Efficiency and linearity of ddPCR assays for SARS-CoV-2 subgenomic transcripts determined using plasmid DNA. Specially designed subgenomic plasmids containing the 5′ UTR sequence upstream of the coding regions of individual body genes were quantified by UV spectroscopy and diluted (expected copies) to test the absolute number of copies detected by each primer/probe set using duplicate ddPCR reactions (measured copies). Coloured symbols denote the best-performing of alternate primer/probe sets for a given sgRNA.Assay efficiencies (slope of measured vs. expected copies) were > 63% for all assays (Range: 63%-138%; Median: 81%; Fig. 3). For subgenomic targets for which we had designed alternative primer/probe sets (sgORF3a, sgORF7a, and sgORF8), the better performing assay (Fig. 3, colored symbols) was chosen based on efficiency, sensitivity, and separation of the positive and negative droplets (Figs. S1-S2). All assays showed linear quantification (R2 ≥ 0.999) with a dynamic range of ≥4 log10 (Fig. 3). Five of the seven assays were able to detect as few as one copy per well (two independent experiments, each with quadruplicate wells for each primer/probe set). Negative controls of human donor PBMC and H2O included in every experiment were consistently negative for all selected sgRNA primer/probe sets listed in Table 1 (Figs. S1-S2). Alternate primer/probe sets for which false positives were detected, such as for ‘sgORF8_2′ and ‘sg_N1′, were not selected for the final panel.
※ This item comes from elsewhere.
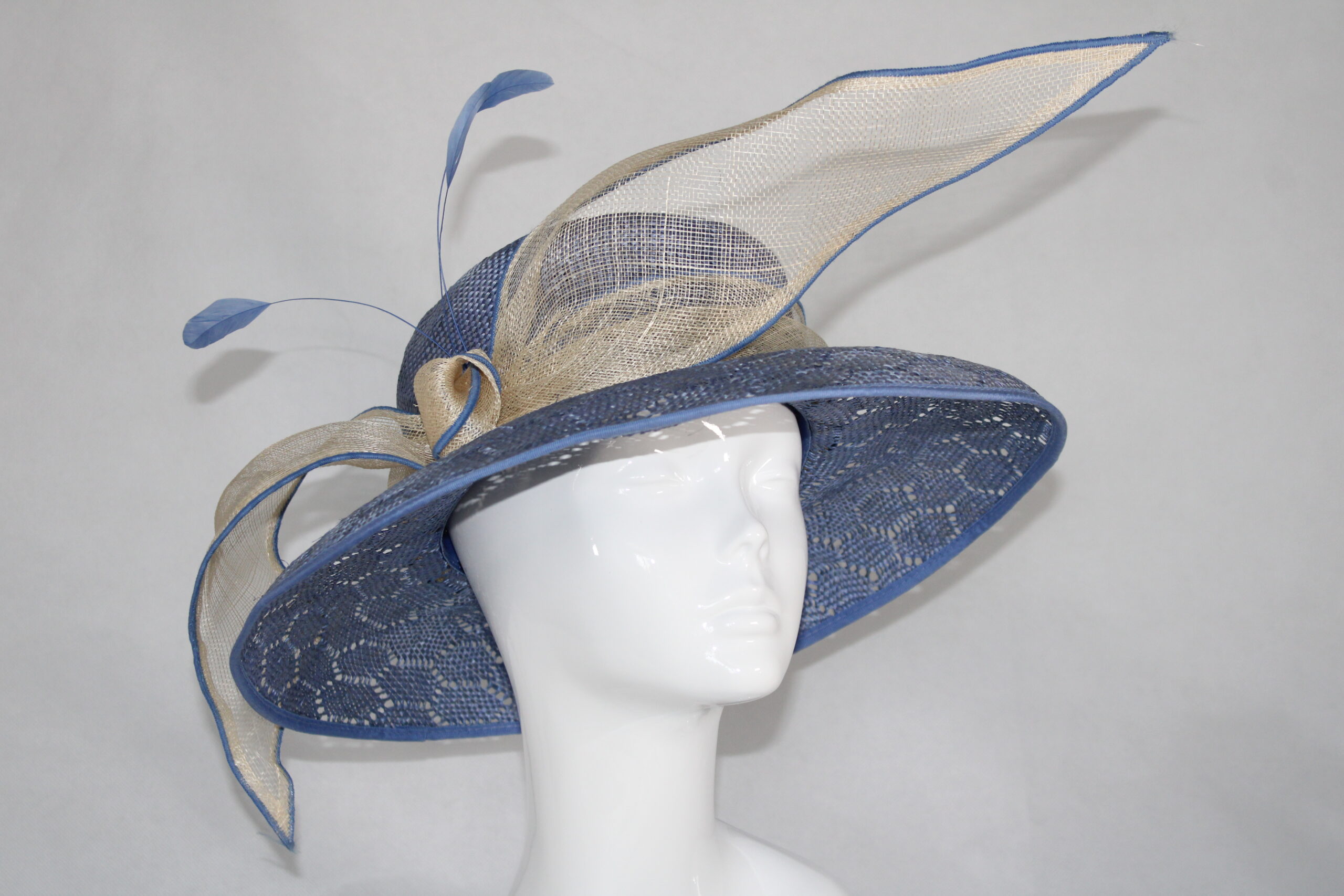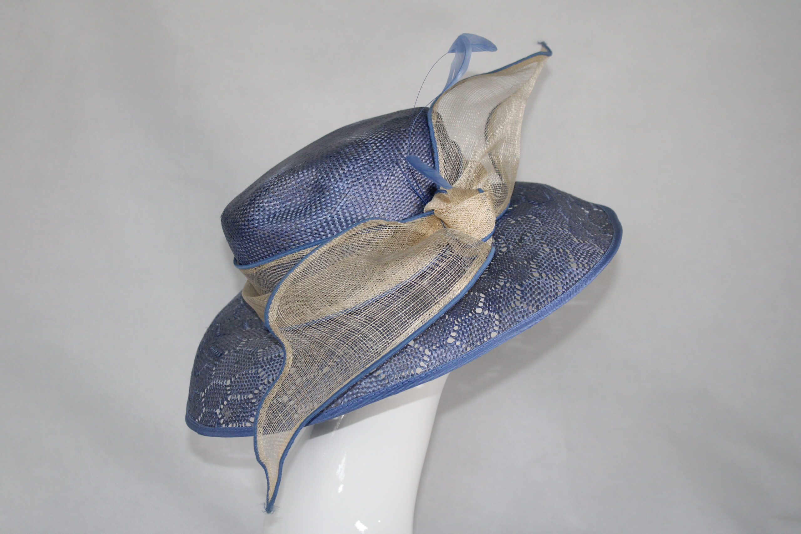 Blue and cream medium woven hat with cream band, large bow and tear drop feather detail

Specificity of subgenomic primer/probe sets
To ascertain the specificity of the subgenomic RNA primer/probe sets, we tested each subgenomic primer/probe set using plasmids designed for their respective genomic sequence (Table 2). Each genomic plasmid was added to ddPCR reactions at an input of at least 10 000 copies along with either the subgenomic or respective genomic sequence-targeting primer/probe set. Five of the seven subgenomic sequence targeting primer/probe sets (sgORF3a_1, sgE, sgM, sgORF8_1, sgN_2) did not detect any copies of plasmid containing the respective genomic sequence even at inputs above 17 000 copies [near saturation] (Fig. S3). At inputs >17 000 copies of genomic plasmid, only one droplet was detected across 4 replicate wells for sgS, while for sgORF7a_2, one droplet was detected in each well of two replicates. In contrast, the matched genomic sequence-targeting primer/probe sets detected copies in the expected input range, close to saturation. Taken together, these data demonstrate that the detection of subgenomic sequences by all seven designed primer/probe sets is highly specific.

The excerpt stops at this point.